4.   See McGill v. Wahl, 839 P.2d 393, 397 n. 8 (Alaska 1992) (“Adverse possession however focuses on ‘possession’ rather than ‘use.’ ”).

5.   Restatement (Third) of Prop:  Servitudes § 2.17, cmt. a (2000).

6.   See AS 09.10.030 (establishing ten-year period for adverse possession absent color of title).

7.   See McGill, 839 P.2d at 397 (noting that “[t]he required period of adverse use is ten years” for an adverse possession claim under AS 09.10.030, which is the same for prescription).

8.   Restatement (Third) of Prop:  Servitudes § 2.17, cmt. a (2000);  see also McGill, 839 P.2d at 398 (“Exclusivity of use is not generally a requirement for a prescriptive easement as it is for a claim of adverse possession.”).

9.   See Jon W. Bruce and James W. Ely, Jr., The Law of Easements and Licenses in Land § 5:24 (2004).

10.   Brimstone Mining, Inc. v. Glaus, 317 Mont. 236, 77 P.3d 175, 181 (2003) (internal citations omitted).
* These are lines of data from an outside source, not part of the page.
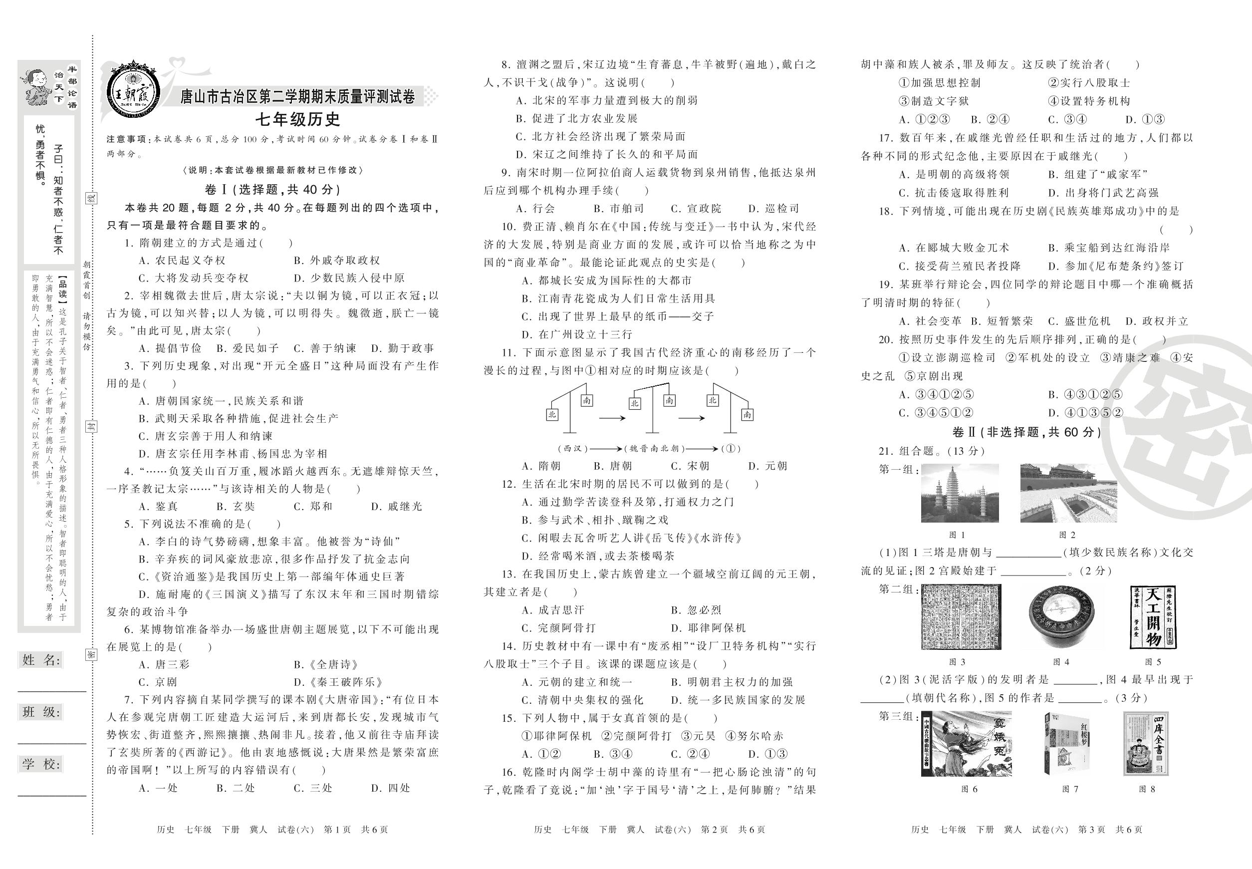 2015-2016学年第二学期唐山市古冶区七年级历史试卷(冀人版)【6】
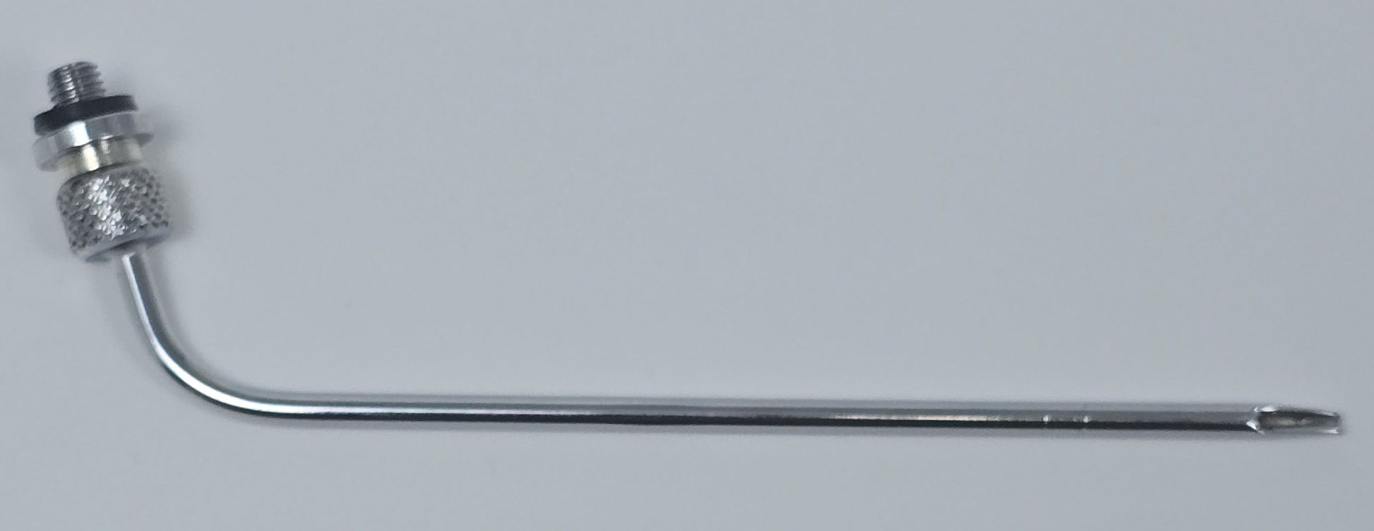 This arterial tube features a 1/8" outer diameter and a 4" working length. It is designed with a chrome finish for durability and includes a threaded hub for secure attachment. Ideal for use in embalming procedures, this tube ensures efficient fluid delivery.
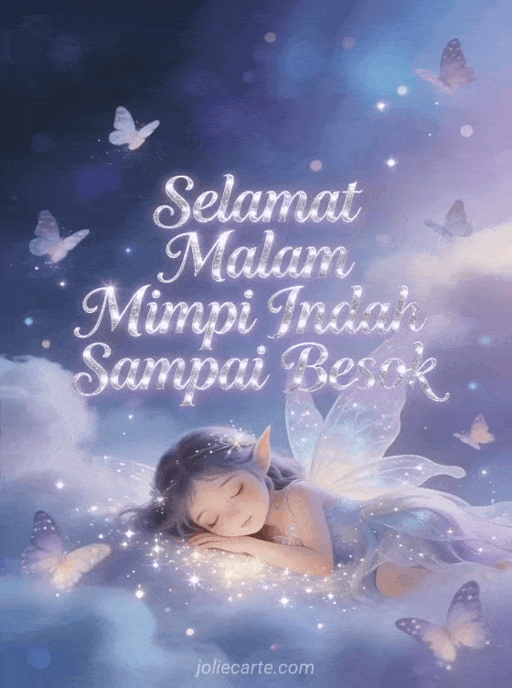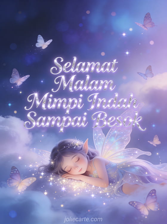 Ucapkan selamat malam yang ajaib dengan kartu mempesona ini yang menampilkan peri tidur dikelilingi kilauan, awan mimpi dan kupu-kupu terbang. Temukan juga kartu selamat malam sampai besok.

11.   J.F. Gioia, Inc. v. Cardinal American Corp., 23 Ohio App.3d 33, 491 N.E.2d 325, 330 (1985) (“A landowner obtains an easement by prescription for a specific use of his neighbor's property when he uses that property in that manner” sufficient to satisfy the elements of a prescriptive easement.).

12.   See Elmer v. Rodgers, 106 N.H. 512, 214 A.2d 750 (1965) (holding that public established a prescriptive easement over church's property even where plaintiff, in his own right, would not be able to satisfy requirements for prescription).

13.   Compare McDonald v. Harris, 978 P.2d 81 (Alaska 1999) (upholding a private prescriptive easement), with Price v. Eastham, 75 P.3d 1051 (Alaska 2003) (upholding a public prescriptive easement).

14.   Dillingham Commercial Co., Inc. v. City of Dillingham, 705 P.2d 410, 416-17 (Alaska 1985) (citing Alaska Nat'l Bank v. Linck, 559 P.2d 1049, 1052 (Alaska 1977)).

15.   McDonald, 978 P.2d at 83.

16.   See Restatement (Third) Prop.:  Servitudes § 4.10 cmt. d (2000) (The scope of a prescriptive easement is “defined specifically so that only the use that created the easement and closely related ancillary uses are included within the purpose.”).

17.   75 P.3d 1051 (Alaska 2003).

18.   Id. at 1053.

19.   Id. at 1059.

20.   Id. at 1054.

21.   106 N.H. 512, 214 A.2d 750 (1965).

22.   Id. at 752.

23.   See Southeastern Pennsylvania Transp. Auth. v. Pennsylvania Pub. Util. Comm'n, 95 Pa.Cmwlth. 341, 505 A.2d 1046, 1049 (1986);  see also Williams v. Harrsch, 297 Or. 1, 681 P.2d 119, 122-23 (1984).

24.   Elmer, 214 A.2d at 752.   We note that Alaska law generally treats corporations as having “all the powers of a natural person carrying out its business activities, including, without limitation, the power to ․ sue and be sued in its corporate name.”  AS 10.06.010(2).

25.   The Swopes advance several alternative grounds for affirming the superior court's order.   For instance, they argue that the doctrine of primary jurisdiction allows only the North Star Borough Advisory Trail Commission to create trails within the Fairbanks area and that, under article I, section 18 of the Alaska Constitution, state courts cannot create public rights by adverse possession without also paying just compensation.   But the superior court narrowly grounded its order of dismissal on the Coalition's perceived lack of standing and inability to prove continuity under Price v. Eastham.   Because these were the only issues raised in the petition and the only ones on which we granted review, we decline to express any opinion on the alternative grounds raised by the Swopes.

BRYNER, Chief Justice.

MATTHEWS, Justice, not participating.